The worst part for Chloe was that she couldn't hate her parents for it. It was how they were raised. She knew this. Why she had refused to submit, as they had, and her grandparents had, she never knew. All she realized was that this didn’t feel right. She wanted to be who she was, not what some maker of little blue pills wanted her to be. She most definitely didn’t want to have her liver replaced, and she wondered where those livers actually came from. Could you make a liver? She thought not, and pieced together the terrifying truth by listening to her parents’ hushed conversations. Her parents loved her in their own limited way, through the haze of medication, and dearly wanted her to have a role on the Pharm. The alternative was unthinkable.
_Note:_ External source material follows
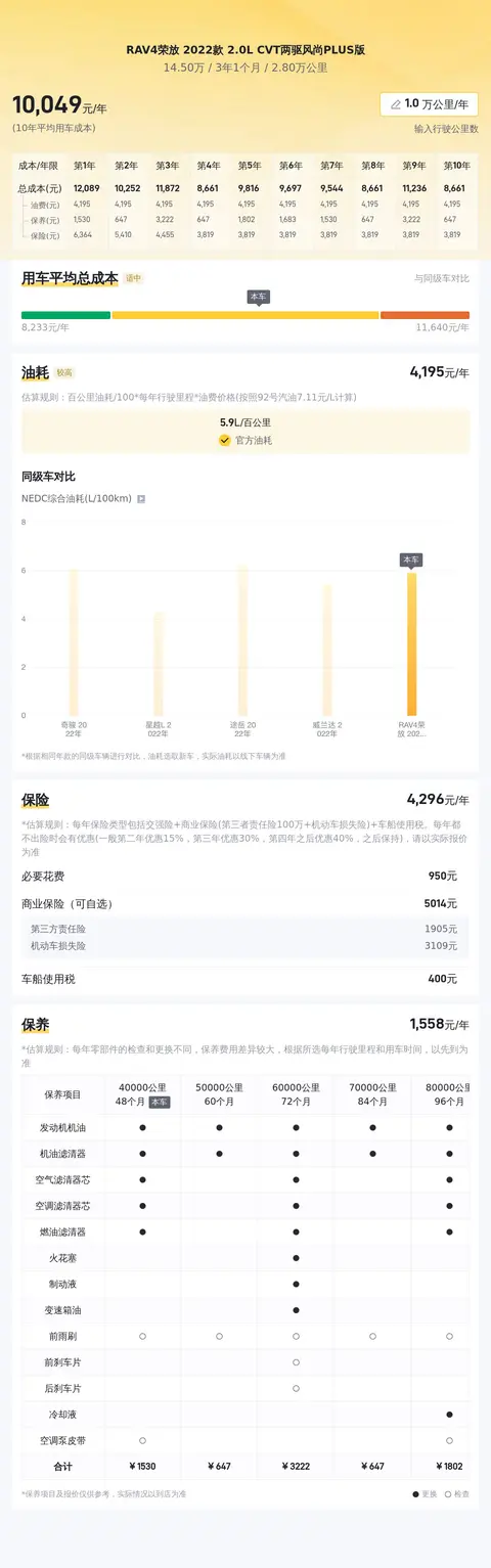 在用车成本方面,根据估算,这辆RAV4荣放的年均综合用车成本大约为每年10,140元,这一成本在同级别车型中属于合理范围。值得注意的是,车辆的实际使用成本会因个人用车习惯、地区消费水平等因素而有所差异。

Her healthy liver was going to be a problem. She was seven, two years since most children started to be fixed by the blue pills. On a child’s eighth birthday, in just under a year for Chloe, they have a thorough physical examination to ensure they’re suitably aligned to their future Donor, who would be living on one of the Pharm Sites. For Chloe, when she went for her check-up at the medical facility, they would find a dangerously healthy liver. No one who had been taking the prescriptions had a completely healthy liver. It was just the price you paid for having a role on the Pharm, for not being a Donor. They would either force her to take the prescription or tattoo her neck and wrist, and there were only two types of people on the Pharm; those with a role and those without. Those without a role had a tattoo and supplied the organs. She had a year to escape, yet where was a seven-year-old to escape to?

Her whole world had been her parents’ house in the suburbs, her elementary school and the local ration dispensary. She would obviously need to do some exploring, she thought. Chloe knew that this would never happen, though. You had to be curious to explore. They would know instantly if she started looking around. She imagined that she only had a year left to think of a plan and this thought scared her. The fear never left. She could never have known that her father’s Donor, Number 987, had plans for them all. She had less than a week.